The most caudal section (at the mid-mesencephalon level) was cloned 10 times to reduce distortions at the unnatural caudal border (the biological brain continues further and smoothly transitions to the spinal cord; the entire organ ends only at the caudal point of the spinal cord). This approach was justified by the relatively constant shape of the biological brain at this level (the large tectum and the tegmentum).

In the next step, a three-dimensional brain model was built from the section stack. Each two-dimensional section (with the virtual thickness of 160 μm) was subdivided into 13 thinner virtual sections (around 12.5 μm in thickness each) using linear interpolation. This produced a simulation grid with cells (voxels) that were cubes with sides corresponding to 12.5 μm in the physical brain.

2.8 The supercomputing simulation

The supercomputing simulation was performed as described in our previous study in the mouse brain (Janušonis et al., 2023), with some modifications.

The fiber densities were produced by 4800 growing fibers that were randomly seeded in the most caudal coronal section (representing the mid-mesencephalon). This decision was motivated by the tegmental location of the rostral raphe nuclei in all vertebrates (Butler and Hodos, 2005; Lillesaar, 2011) and by the presence of serotonergic neurons in the tectum of some cartilaginous fish species (Stuesse et al., 1991). Fibers were not seeded at more rostral levels (including the hypothalamus); however, relative fiber densities are insensitive to the location of the origin points after sufficiently long simulation times. Each fiber was represented by a three-dimensional path of a discrete, superdiffusive FBM (Qian, 2003): its trajectory moved according to the recursion relation r_n+1 = r_n + ξ_n, where r_n is the three-dimensional walker position, and the steps (increments) ξ_n are a three-component discrete fractional Gaussian noise. The statistically-independent x, y, and z components of ξ_n were Gaussian random numbers with mean zero and variance σ². Each component had long-range correlations between its steps; the corresponding noise covariance function between steps m and m + n was given by $⟨{\xi }_{i,m}{\xi }_{j,m+n}⟩=\frac{1}{2}{\mathrm{\delta }}_{ij}{\mathrm{\sigma }}^2[{\left|n+1\right|}^{2H}-2{\left|n\right|}^{2H}+{\left|n-1\right|}^{2H}]$, where H is the Hurst index, δ_ij is the Kronecker delta, and i, j = x, y, z denotes the three space dimensions. The Fourier-filtering method was employed to generate these long-range correlated, stationary random numbers on the computer (Makse et al., 1996; Wada and Vojta, 2018; Vojta et al., 2020). The Hurst index was set at 0.8, based on our previous research in the mouse brain (Janušonis et al., 2020; Vojta et al., 2020; Janušonis et al., 2023), and the root mean-squared step size was set to σ = 0.2 grid units, corresponding to 2.5 μm in the physical brain (considerably less than the diameter of a single neuron). Each trajectory was composed of 2²⁵ ≈ 33.6 million walk-steps. The length of the trajectories was sufficient for the relative densities to reach a steady state.
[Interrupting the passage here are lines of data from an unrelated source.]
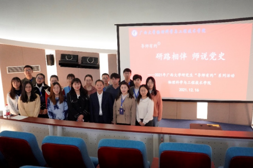 第一期主题为“研路相伴,师说党史”,由袁涛书记作为主讲人,袁涛书记围绕“学史明何理”、“学史增何信”、“学史崇何德”、“学史力何行”四个方面为同学讲解了党史学习的重要性。书记强调要从党的光辉历史中汲取成功的经验,将个人与民族和国家结合,在党的领导下,努力实现中华民族伟大复兴的中国梦。
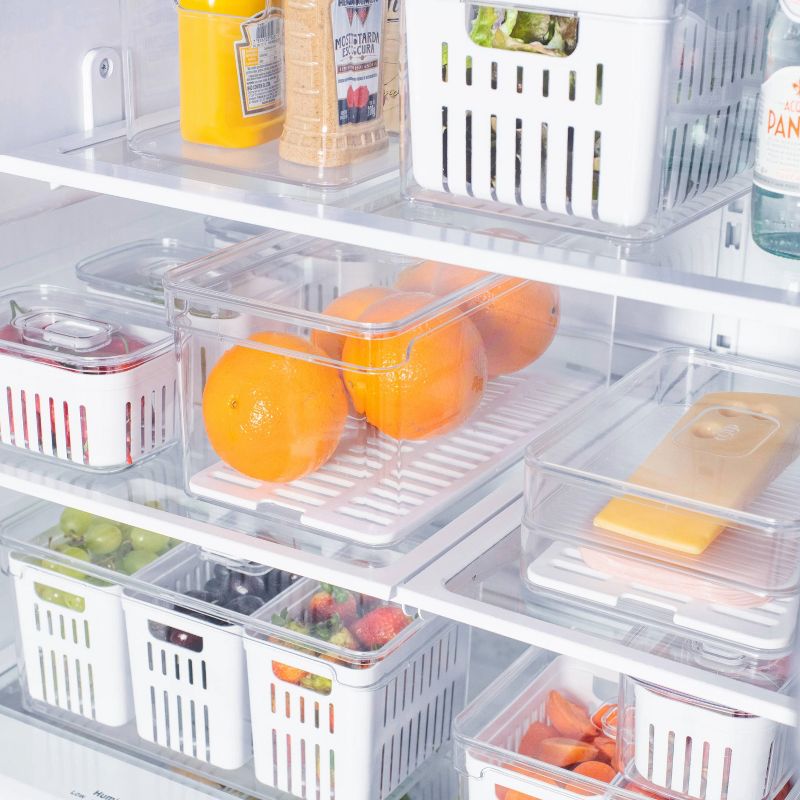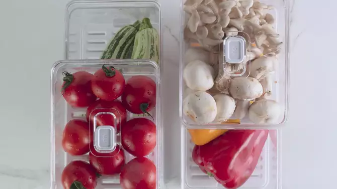OU Fridge Organizer Bin with Vented Lid, Clear Stackable Refrigerator Storage Container, Produce Kitchen Storage Bin, BPA Free, 4 Pack
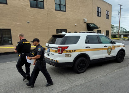 - Tiadaghton Valley Regional police officer enters the Jersey Shore State Bank on Main Street in Jersey Shore with equipment to process robbery scene. PHIL HOLMES/Sun-Gazette
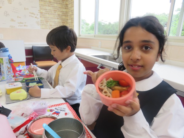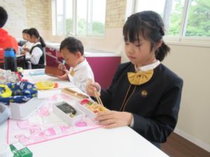 On the first bento day of this school year, we spread out bento boxes filled with only our favorite foods. There were character bento and colorfully decorated bento boxes filled with love. We had a lot of fun while looking at them together with friends and shared lively conversation over our lunch.
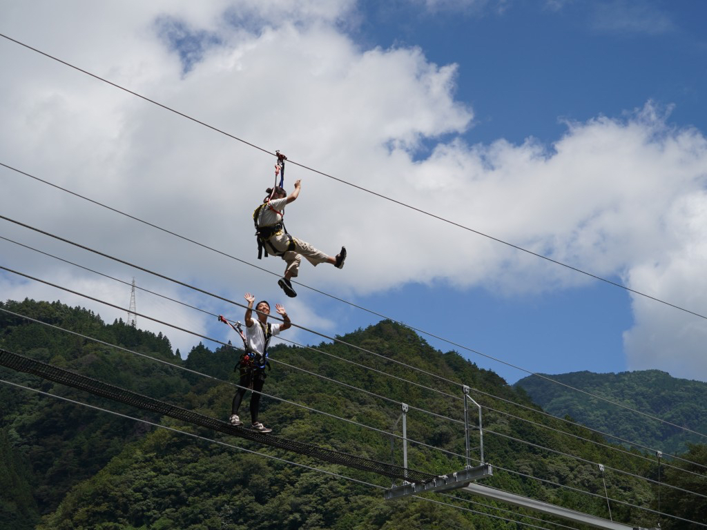 ・無事渡り切ったら、爽快なジップラインで駆け抜けます!

If a growing fiber encountered a boundary (i.e., an outer or inner contour), it was “reflected” by it (i.e., it was not allowed to cross it). Several reflection rules are available in simulations. They differ in computational complexity, but this choice has virtually no effect on simulation results, as we have shown previously (Vojta et al., 2020). In this simulation, a step that would push the leading fiber end into the forbidden region was simply not carried out. The entire sections at the most rostral and caudal levels were treated as reflecting boundaries.

After the simulation, the obtained densities were evaluated in non-overlapping cubes (composed of 2 × 2 × 2 grid cells, to suppress noise and achieve more robust estimates). The local density (d_s) was determined by counting the total number of random-walk segments inside each cell. These local densities were normalized to the total sum of unity in the entire three-dimensional brain volume, to make the results independent of the arbitrarily chosen trajectory length. To facilitate comparisons between the simulated fiber densities and actual fiber densities in immunostained sections, the raw simulation densities were transformed to “optical densities” using the transformation d_o = exp (−kd_s) (Janušonis et al., 2020; Janušonis et al., 2023), with an empirically optimized k-value (k = 10^8.2). This transformation constrained density values to a finite interval (from zero to one), with lower (“darker”) values corresponding to higher fiber densities. Graphical density maps were produced in Wolfram Mathematica 14 using the built-in “GrayTones” color function.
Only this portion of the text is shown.